Minimal Reproduction Code:

import torch
from torch import nn
from torch.nn.functional import interpolate
import torch.onnx

class NewInterpolate(torch.autograd.Function):
    @staticmethod
    def symbolic(g, input, scales):
        return g.op(
            "Resize",
            input,
            g.op("Constant", value_t=torch.tensor([], dtype=torch.float32)),
            scales,
            coordinate_transformation_mode_s="pytorch_half_pixel",
            cubic_coeff_a_f=-0.75,
            mode_s="cubic",
            nearest_mode_s="floor"
        )

    @staticmethod
    def forward(ctx, input, scales):
        return interpolate(input, scale_factor=scales.tolist()[-2:], mode="bicubic", align_corners=False)

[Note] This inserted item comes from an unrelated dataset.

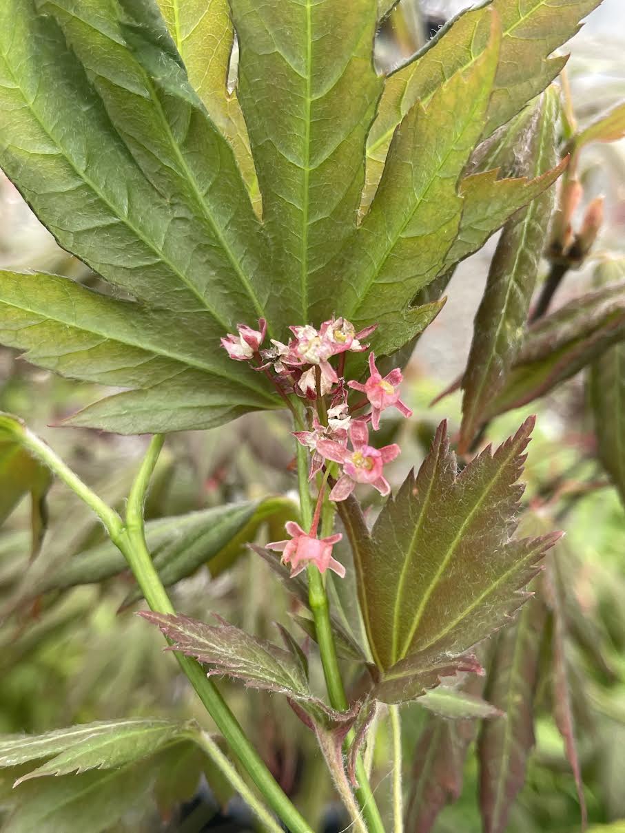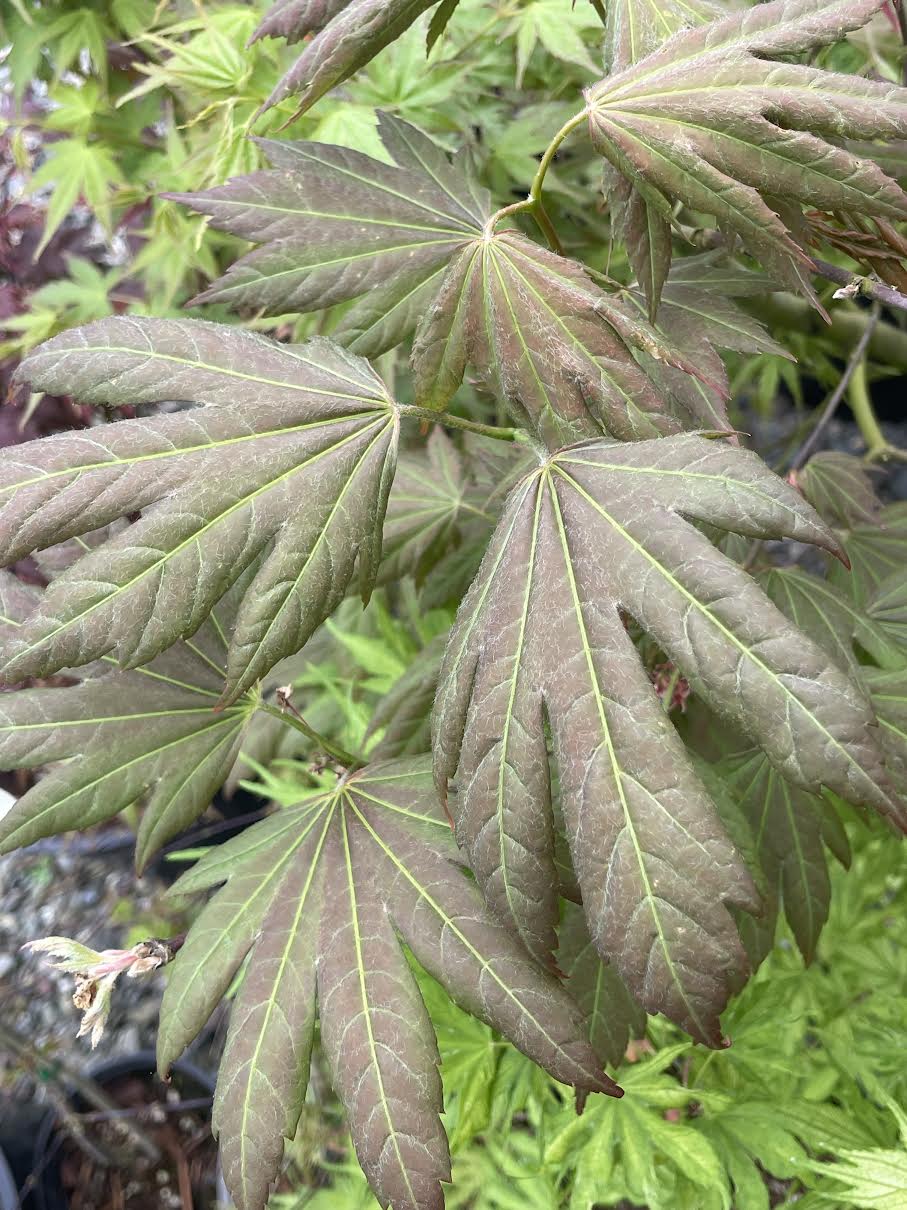 Found by Tera Nova Nursery in Oregon, this interesting Japanese Maple has the look of a 'orange wash' on the leaves all summer long. Then in autumn, the foliage turns bright red,orange, and yellow. What a show that lasts and lasts! The tree will grow to 12 ft tall in 10 years,

class StrangeSuperResolutionNet(nn.Module):
    def __init__(self):
        super().__init__()
        self.conv1 = nn.Conv2d(3, 64, kernel_size=9, padding=4)
        self.conv2 = nn.Conv2d(64, 32, kernel_size=1, padding=0)
        self.conv3 = nn.Conv2d(32, 3, kernel_size=5, padding=2)
        self.relu = nn.ReLU()

    def forward(self, x, upscale_factor):
        x = NewInterpolate.apply(x, upscale_factor)
        out = self.relu(self.conv1(x))
        out = self.relu(self.conv2(out))
        out = self.conv3(out)
        return out

model = StrangeSuperResolutionNet()
model.eval()
factor = torch.tensor([1, 1, 3, 3], dtype=torch.float32)
x = torch.randn(1, 3, 256, 256)

torch.onnx.export(
    model, 
    (x, factor), 
    "srcnn2.onnx", 
    opset_version=18, 
    input_names=['input', 'scale_factor'],
    output_names=['output']
)

Error Log

[torch.onnx] Obtain model graph for `StrangeSuperResolutionNet` with `torch.export.export(..., strict=False)`... ❌
[torch.onnx] Obtain model graph for `StrangeSuperResolutionNet` with `torch.export.export(..., strict=True)`... ❌
Traceback (most recent call last):
  ...
TypeError: upsample_bicubic2d() received an invalid combination of arguments - got (FakeTensor, NoneType, bool, list), but expected one of:
 * (Tensor input, tuple of ints output_size, bool align_corners, tuple of floats scale_factors)
      didn't match because some of the arguments have invalid types: (FakeTensor, NoneType, bool, list of [SymInt, SymInt])
 * (Tensor input, tuple of ints output_size, bool align_corners, float scales_h = None, float scales_w = None, *, Tensor out = None)

Expected Behavior

The model should export successfully to ONNX with the dynamic scale factor properly handled by the torch.export.export mechanism.

Additional Context

  • The issue appears to be related to type handling during the tracing phase of torch.export.export.
  • The same code might have worked in previous PyTorch versions with the older ONNX exporter.
  • The error occurs when interpolate is called with a list for scale_factor (from scales.tolist()[-2:]) while tracing with fake tensors.

Question

What is the recommended approach in PyTorch 2.9 for exporting models with dynamic resize/scale factors to ONNX, particularly when using the new torch.export.export infrastructure?